Because the decisions you make today can greatly impact your exit options down the road—and vice versa. How you raise capital, when you make improvements and where you expand or invest are all impacted by your ultimate exit strategy.
Here’s a look at four exit scenarios for small and medium businesses, along with a few short- and long-term considerations for owners to keep in mind.
Large corporate buyers are often willing to pay a premium for a company possessing operations, talent or intellectual property that can enhance its own long-term plans.
As a seller, this means you'll want to consider how your company’s strengths compliment that of a potential acquirer, as well as how the two entities might ameliorate the other’s weaknesses or market gaps.
Then take a critical look at your own business through their eyes. Does your business have growth potential? Is it structurally sound? What improvements should you make or hold off on with such a buyer in mind?
If you’re considering a merger as opposed to an acquisition, consider whether the individual owner’s long-term plans are aligned.
A seasoned investment banker can be a great resource—and, in fact, may already have clients who would potentially be interested in a business such as yours.
This category can include investors ranging from private equity to venture capital, all with their own specific objectives and strategies.

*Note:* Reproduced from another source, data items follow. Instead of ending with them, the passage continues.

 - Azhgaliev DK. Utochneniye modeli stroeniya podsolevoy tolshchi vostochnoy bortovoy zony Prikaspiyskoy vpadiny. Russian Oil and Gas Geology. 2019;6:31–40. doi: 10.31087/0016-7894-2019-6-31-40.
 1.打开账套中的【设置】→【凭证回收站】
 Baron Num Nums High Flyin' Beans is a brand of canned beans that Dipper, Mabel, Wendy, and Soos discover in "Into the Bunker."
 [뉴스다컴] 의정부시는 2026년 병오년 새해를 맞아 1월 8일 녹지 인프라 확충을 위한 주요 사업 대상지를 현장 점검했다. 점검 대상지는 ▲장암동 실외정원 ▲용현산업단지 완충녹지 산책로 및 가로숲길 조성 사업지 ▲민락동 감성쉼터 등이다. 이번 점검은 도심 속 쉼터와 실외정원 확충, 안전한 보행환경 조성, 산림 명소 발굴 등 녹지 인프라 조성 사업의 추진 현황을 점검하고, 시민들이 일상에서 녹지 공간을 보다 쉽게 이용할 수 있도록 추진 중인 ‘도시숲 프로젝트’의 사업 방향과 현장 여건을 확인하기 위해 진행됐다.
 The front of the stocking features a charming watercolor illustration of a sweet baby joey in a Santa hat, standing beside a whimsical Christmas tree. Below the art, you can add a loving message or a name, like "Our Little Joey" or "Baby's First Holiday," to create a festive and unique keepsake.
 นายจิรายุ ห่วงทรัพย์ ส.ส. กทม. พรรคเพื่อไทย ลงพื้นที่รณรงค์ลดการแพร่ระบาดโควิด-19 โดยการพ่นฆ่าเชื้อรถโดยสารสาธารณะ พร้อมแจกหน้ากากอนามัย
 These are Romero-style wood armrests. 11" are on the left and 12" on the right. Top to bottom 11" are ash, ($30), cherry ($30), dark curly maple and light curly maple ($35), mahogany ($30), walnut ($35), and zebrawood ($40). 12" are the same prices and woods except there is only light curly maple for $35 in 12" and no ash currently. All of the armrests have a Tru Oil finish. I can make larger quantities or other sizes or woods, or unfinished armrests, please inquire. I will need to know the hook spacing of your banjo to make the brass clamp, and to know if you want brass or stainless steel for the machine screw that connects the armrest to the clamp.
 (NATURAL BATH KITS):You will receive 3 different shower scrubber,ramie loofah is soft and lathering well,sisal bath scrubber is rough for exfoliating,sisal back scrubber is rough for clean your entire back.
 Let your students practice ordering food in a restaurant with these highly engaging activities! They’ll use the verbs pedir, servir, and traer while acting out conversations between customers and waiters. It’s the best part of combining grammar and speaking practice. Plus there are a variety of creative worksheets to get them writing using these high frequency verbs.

A family office, for example, may buy a company because of the cash flow it generates, while a private equity investor may take a majority stake with the goal of transforming operations and ultimately selling it for a profit. A venture capital firm may invest with an eye on an eventual initial public stock offering (IPO).
The common element is a buyer interested primarily in the potential financial return your company offers, so you'll want to ensure your company can demonstrate consistent returns or the potential to do so.

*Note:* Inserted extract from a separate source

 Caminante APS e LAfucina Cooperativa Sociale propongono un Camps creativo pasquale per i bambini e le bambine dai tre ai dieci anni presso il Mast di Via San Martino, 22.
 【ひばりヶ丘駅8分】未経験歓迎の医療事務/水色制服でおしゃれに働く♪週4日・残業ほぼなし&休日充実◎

To be sure, there are many facets to working with financial buyers—and key considerations go beyond valuation. You will, for example, need to think through how much ownership you want to retain, the degree to which you want to stay involved and how comfortable you are with changes to your operations and management.
Employee Stock Option Plan (ESOP)
An employee stock option plan or ESOP may be right for businesses seeking to reward and incentivize loyal and long-term employees. ESOPs essentially turn ownership over to your employees through stocks, providing employees a vested stake in the future earnings of the company. This may be a good option for companies that do not have a natural strategic buyer.

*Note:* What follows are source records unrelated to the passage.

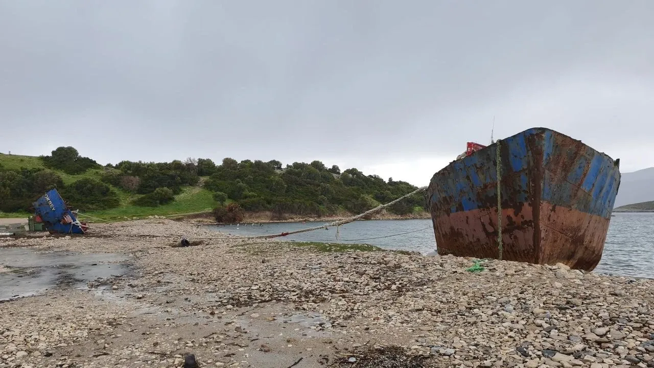 Urla’ya bağlı Demircili Koyu’nda karaya oturan “Gökbey” isimli geminin kaldırılması talebiyle başlatılan eylemler büyüyor.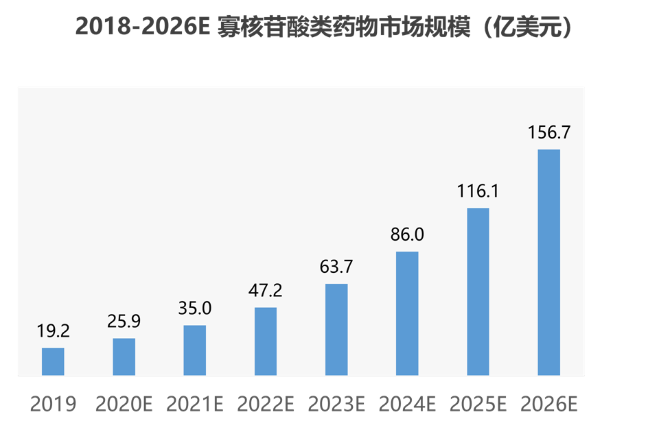 自2016年小核酸药物相关技术壁垒取得突破以来,资本热潮涌入小核酸药物行业,小核酸药物行业得到前所未有的快速发展。据 Evaluate和BCG预测,2026年全球寡核苷酸类药物市场规模将超150亿美元,2020年-2025 年CAGR 35%。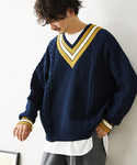 大好評のrelumeの”洗える2枚コーデセット”のよりオーバーサイズのチルデンニットが登場! チルデンニットの魅力は、トラッド感、スポーツ感などのムードあるネックや裾部分にあるライン。 今回はVネック型で身頃と袖にケーブル編みのラインを施し、くどすぎず・単調過ぎない、スタイリングに取り入れやすいアイテムに仕上げてます。 かなりゆったりとしたオーバーシルエットですが、丈が短めなので、だらしなくならないよう計算されています。 存在感のあるアイテムなのでAWシーズンはインナーとしても活躍してくれる1着です。 身長:170 体型:標準(やや肩幅広め) 普段サイズ:M〜L 着用サイズ:ニット L パンツ M サイズ感:ゆったりとしたサイズ感でリラックス感がある! 着心地:柔らかいポリエステル素材で着やすく、レイヤードしやすい!! 少しでも参考になりましたら、フォローしていただけると嬉しいです。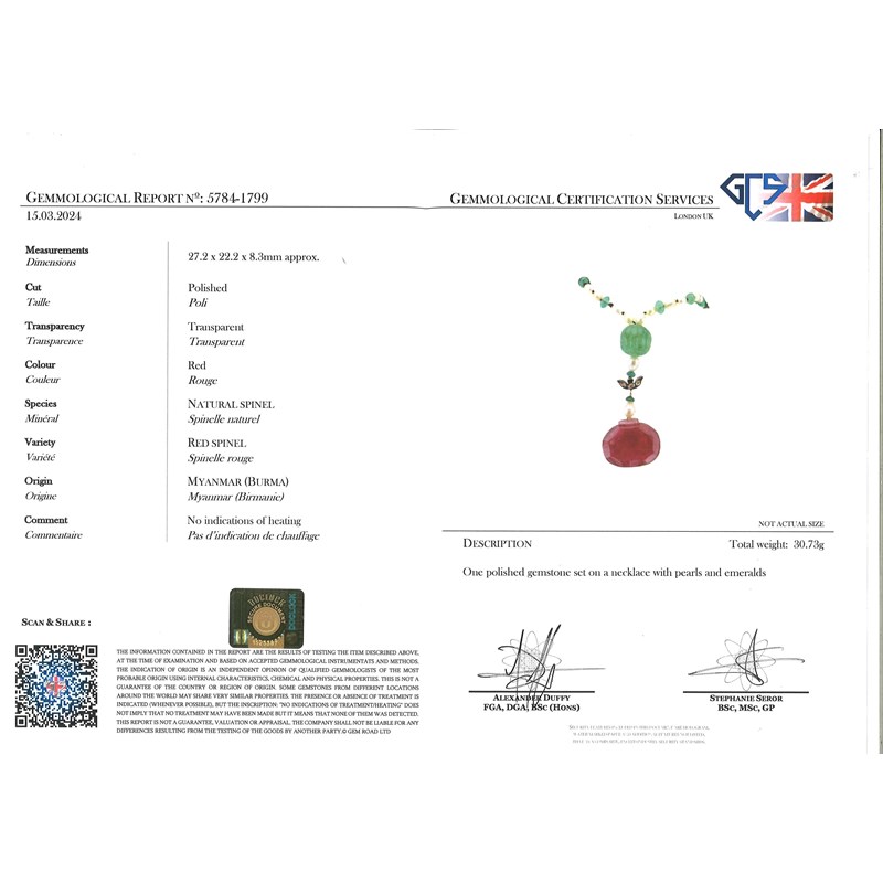 Accompanied by report number 5784-1799 from GCS dated March 2024 stating that the spinel is natural, with no indications of heating, origin: Burma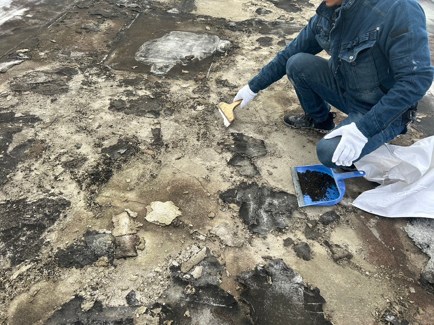 既存はゴムシート防水でしたが、それは軽く20年以上前に施工されたもので、雨漏りする度に所々で修復された形跡がありました!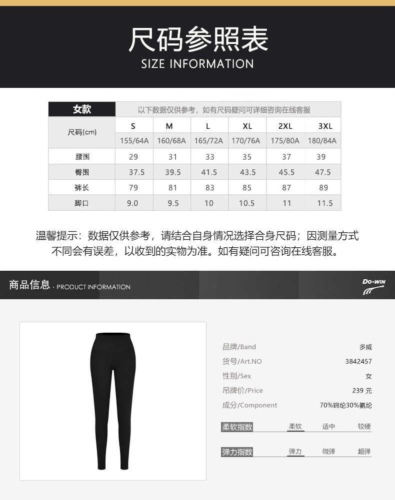 多威运动裤女健身高弹压缩跑步紧身裤3842457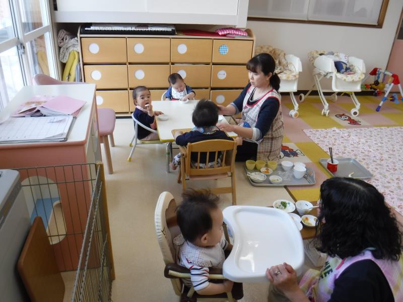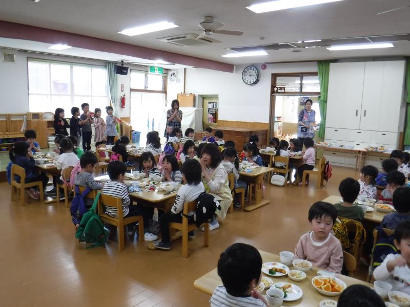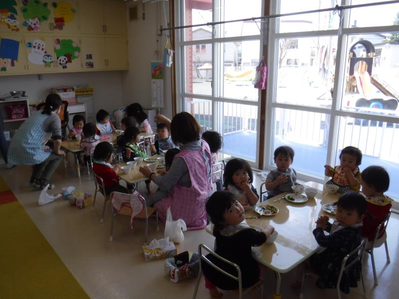 3・4・5歳はお遊戯室で会食です。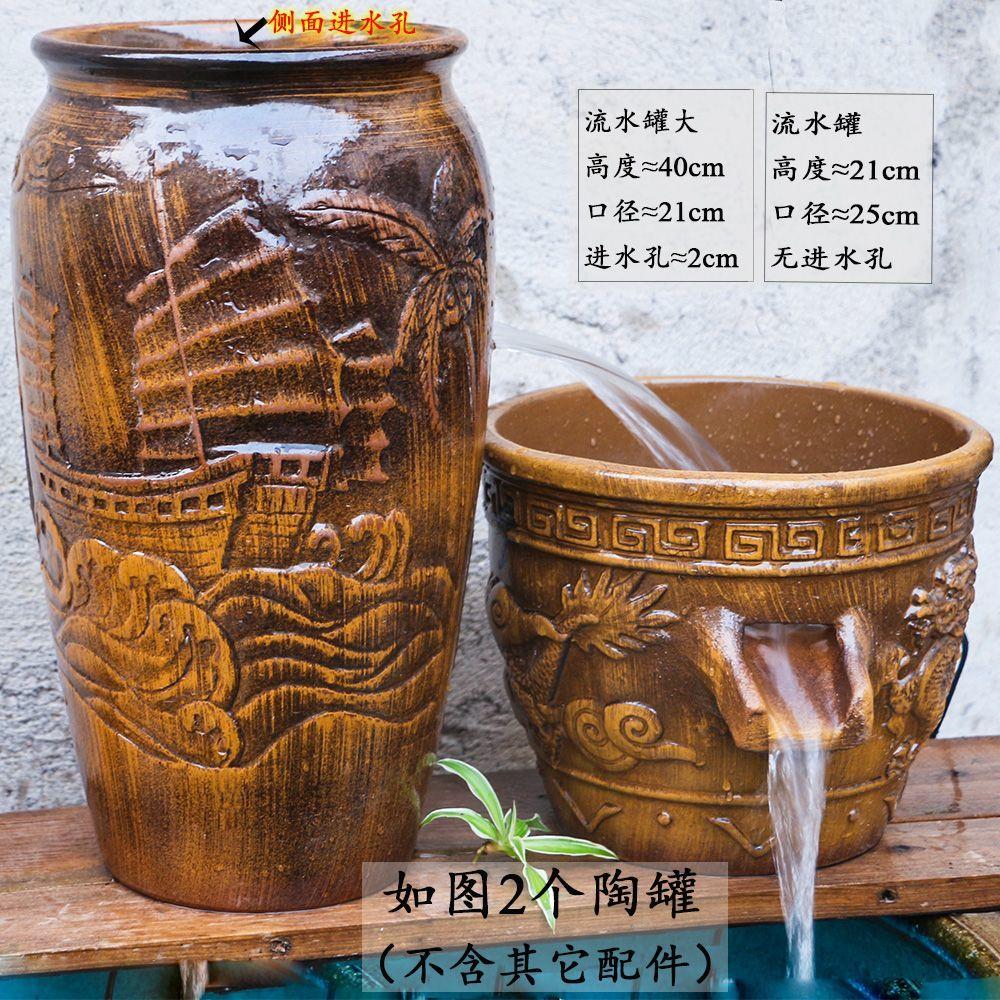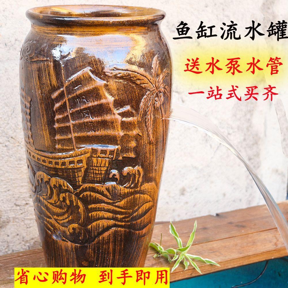 户外流水罐大号瀑布开口流水罐鱼缸摆件清仓自动古法鱼缸过滤器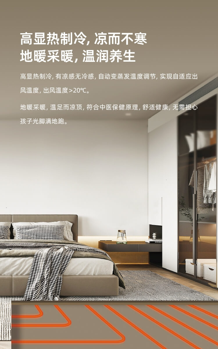 室內(nèi)機(jī)和地暖二合一控制,操作更簡單;地板干燥功能,舒適更便捷

Keep in mind that not all company structures can be turned into an ESOP. A company with many outside investors may, for example, find the option a more difficult sell than a closely-held private company with fewer moving parts. These are considerations that business owners should weigh early—preferably beforepursuing new capital for growth—lest the interest of investors may be at odds with an ESOP exit.
Keeping the business in the family can be both rewarding and challenging.
It's important to get future successors involved in learning the business as soon as possible—especially if the product, service, and/or inner workings are complex. Transitioning a relatively straight-forward retail operation, for example, may take a year to groom an heir while preparing the future CEO of a manufacturing concern may take decades.
The more competence family members can demonstrate in key management roles, the more predictable and painless the transition becomes. Further, maintaining a long-standing outside corporate board can settle contentious issues, eliminate the potential for perceived bias in major decisions, and act as an objective tie-breaker during family transitions.
Building and growing a company takes time. So does navigating the road to an eventual exit. The upshot: Thinking through a company’s long-term objectives—and its role in the broader marketplace—can be tremendously beneficial, no matter which path you end up following.